**Required work**: All of the data that follows should be given again exactly, without its images.

**Input data**:
----
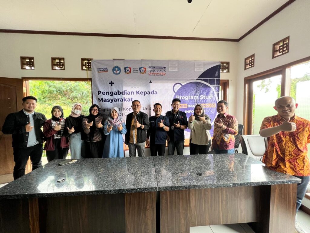 Bogor – Cyber University melalui Program Studi Sistem dan Teknologi Informasi sukses melaksanakan kegiatan Pengabdian kepada Masyarakat (PkM) bersama Koperasi Unit Desa (KUD) Giri Tani, Cisarua, Bogor. Program ini mengusung tema Digitalisasi Peternakan dan Pembiayaan untuk Peternak, dengan tujuan meningkatkan kapasitas kelembagaan koperasi, literasi keuangan, serta penguatan akses permodalan bagi para peternak sapi perah.
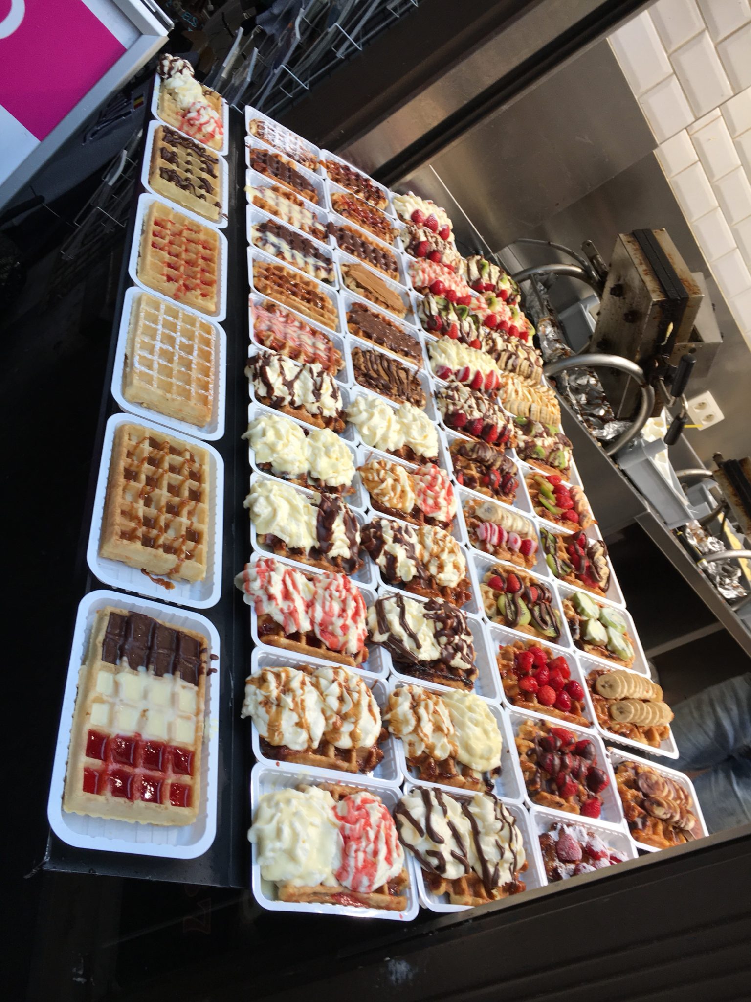 最後に、これも名物のワッフルです。ただ、これらはごってりしすぎで甘過ぎです、、シンプルなやつは美味しいです。
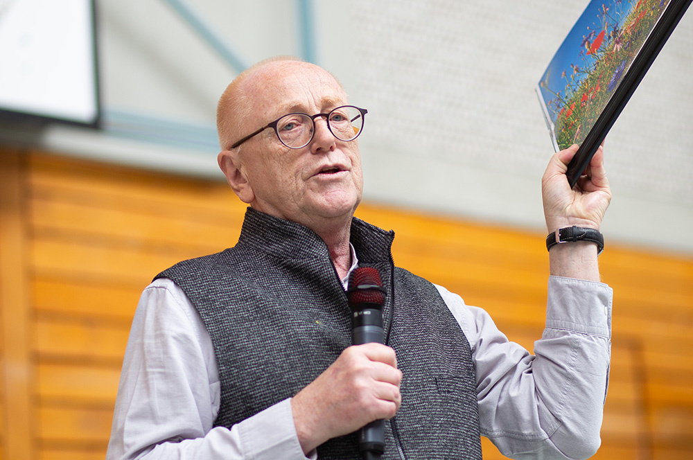 Nach dem Dankeschön der SV sprach Wolfgang Rensinghoff, der wohl engste Kollege von Franzis Niehoff an der Loburg. In seinem Rückblick auf die viereinhalb Jahre ging er von der Frage aus, warum sie ein Segen für uns war. Sie sei als Person ein Segen gewesen, in der Weise, wie sie das Leben in den Gottesdiensten zur Sprache gebracht habe, oft an ihre eigenen Erfahrungen anknüpfend. Ein Segen seien ihre kleinen und großen Aktionen gewesen, wie die Einrichtung des Soul Cafés, ihr Einfluss auf die Loburger Exerzitien, und vor allem seien das die unendlich vielen Gespräche mit Schülerinnen und Schülern gewesen, denen sie zugehört und denen sie „Spuren gelegt“ habe, um einen Weg aus ihren Problemen zu finden.
----
**Task output**:
 Bogor – Cyber University melalui Program Studi Sistem dan Teknologi Informasi sukses melaksanakan kegiatan Pengabdian kepada Masyarakat (PkM) bersama Koperasi Unit Desa (KUD) Giri Tani, Cisarua, Bogor. Program ini mengusung tema Digitalisasi Peternakan dan Pembiayaan untuk Peternak, dengan tujuan meningkatkan kapasitas kelembagaan koperasi, literasi keuangan, serta penguatan akses permodalan bagi para peternak sapi perah.
 最後に、これも名物のワッフルです。ただ、これらはごってりしすぎで甘過ぎです、、シンプルなやつは美味しいです。
 Nach dem Dankeschön der SV sprach Wolfgang Rensinghoff, der wohl engste Kollege von Franzis Niehoff an der Loburg. In seinem Rückblick auf die viereinhalb Jahre ging er von der Frage aus, warum sie ein Segen für uns war. Sie sei als Person ein Segen gewesen, in der Weise, wie sie das Leben in den Gottesdiensten zur Sprache gebracht habe, oft an ihre eigenen Erfahrungen anknüpfend. Ein Segen seien ihre kleinen und großen Aktionen gewesen, wie die Einrichtung des Soul Cafés, ihr Einfluss auf die Loburger Exerzitien, und vor allem seien das die unendlich vielen Gespräche mit Schülerinnen und Schülern gewesen, denen sie zugehört und denen sie „Spuren gelegt“ habe, um einen Weg aus ihren Problemen zu finden.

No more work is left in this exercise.